Study equation 3.2 and 3.3. Because there are multiple dependent variables, the equations are now specified in terms of vectors and matrices.

Now go to the section ‘example’ on https://en.wikipedia.org/wiki/Vector_autoregression. You see two sets of equations here. One in terms of matrices, and one with two equations that are not in terms of matrices (each regression equation has a single dependent variable).

Use matrix algebra (do this by hand, with pen and paper) to get from the matrix specification at the top, to the two equations at the bottom. For this you will need matrix addition “Entrywise sum”: https://en.wikipedia.org/wiki/Matrix_addition, and matrix multiplication “matrix product”: https://www.mathsisfun.com/algebra/matrix-multiplying.html.
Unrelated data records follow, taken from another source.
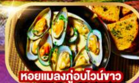
หอยแมลงภู่นิวอิงชาว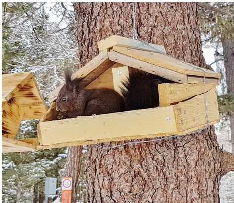
Wer etwas Zeit und Geduld hat, kann hier viele Tiere beobachten.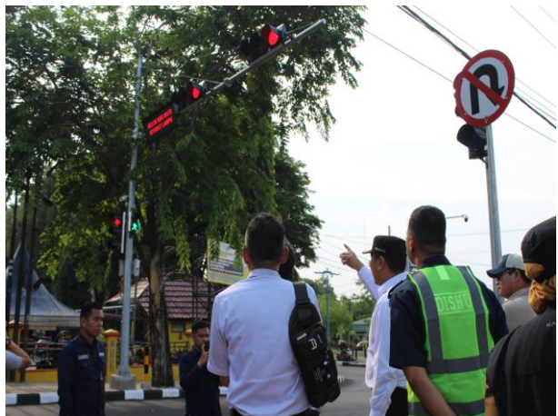
Belanja Modal Rambu Bersuar Jl. A. Yani Simpang Taman Van Deer Pijl Kelurahan Komet Kecamatan Banjarbaru Utara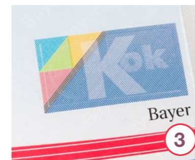
Sicherheitsmerkmale einer Kovaltry®-Packung (weitere Packungsvarianten sind möglich)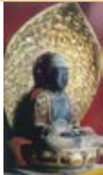
しほつ 賞泉寺寺宝 (安塚区) 宗教法人 賞泉寺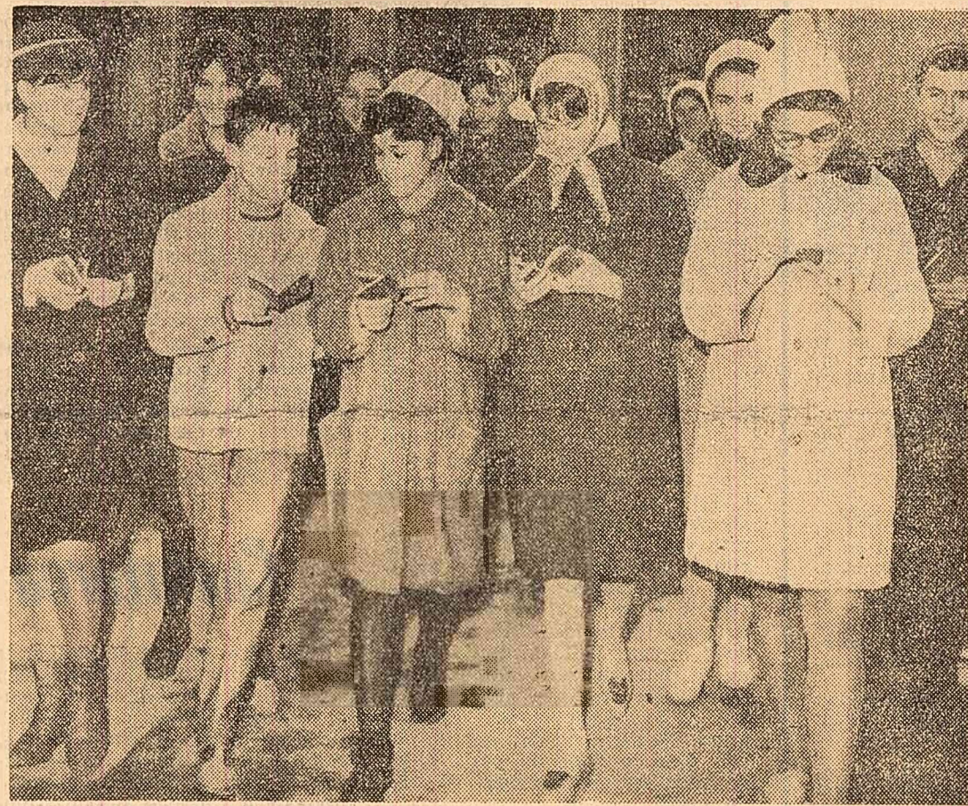
În fața Casei de cultură a tineretului din raionul 23 August, cîțiva dintre cei mai proaspeți posesori ai buletinului de identitate.

București. Firește, rădăcinioasele predomină. E vremea lor. S-au vîndut ieri, pînă la ora 11, peste 16 vagoane de cartofi, circa 8.000 kg de zarzavaturi, 14.000 kg de ceapă. În ciuda anotimpului se mai oferă încă varză și salată verde. A crescut cereșera la conserve: 11.000 de borcane în cîteva ore. Și la fructe s-au vîndut cantități considerabile: 32.000 kg de mere, 10.000 kg de pere, nuci și struguri. De cîteva zile s-au pus în vînzare brazii. Ieri, în piața Obor existau 5.000 de bucați. Dar, deși nu erau mai mult de o sută de cumpărători, în același timp, nu s-au putut înțelege asupra ordinii în care să-și aleagă fiecare un brad, astfel că au năvălit cu toții deodată. E limpede că îmbulzeala nu-și avea nici un rost.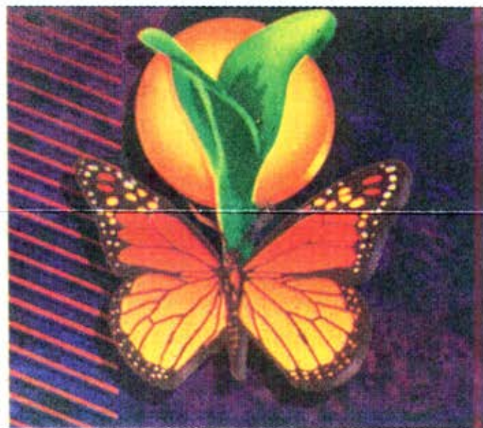
"El mundo era un paraíso; hermoso, intacto y de naturaleza armoniosa..."

¿Es ese el plan de Dios? ¿Es ese el plan de nosotros?

2 Choose two suitable (in theory normally distributed) variables that will serve as your two dependent variables, and think about how frequently you will measure both of them. Choose the number of repeated measurements you want to generate for both variables and store this number in object `T’.

T <- 100

3 Choose values for the parameters in the vector autoregressive model you will use to generate the data. Think of the variable you picked to come up with reasonable parameter values.

Make four objects:

one vector called int, containing the two intercepts of your variables
one 2 by 2 matrix called Phi, containing the two autoregression coefficients on the diagonal, and the two cross-lagged coefficients on the off-diagonal.
one 2 by 2 matrix called Sigma, containing the variances for the residuals of your data on the diagonal, and the covariance between the residuals on the off-diagonals. tip: use function cov2cor() on this matrix to see what the correlation matrix is of the residuals.
one vector called mures, containing two elements that are both equal to zero (the means for your residuals).

int <- c(0,0)
Phi <- matrix(c(.6,.3,0,.5),2,2,byrow=TRUE)
Sigma <- matrix(c(.3,.12,.12,.3),2,2,byrow=TRUE)
cov2cor(Sigma)

##      [,1] [,2]
## [1,]  1.0  0.4
## [2,]  0.4  1.0

mures <- c(0,0)

Call all the objects you have made to see what they look like.

4 Generate your T (as many as T) residuals from a bivariate normal distribution. Use object mures for the means and object Sigma for the coviarance matrix. Store the residuals in object `resids’.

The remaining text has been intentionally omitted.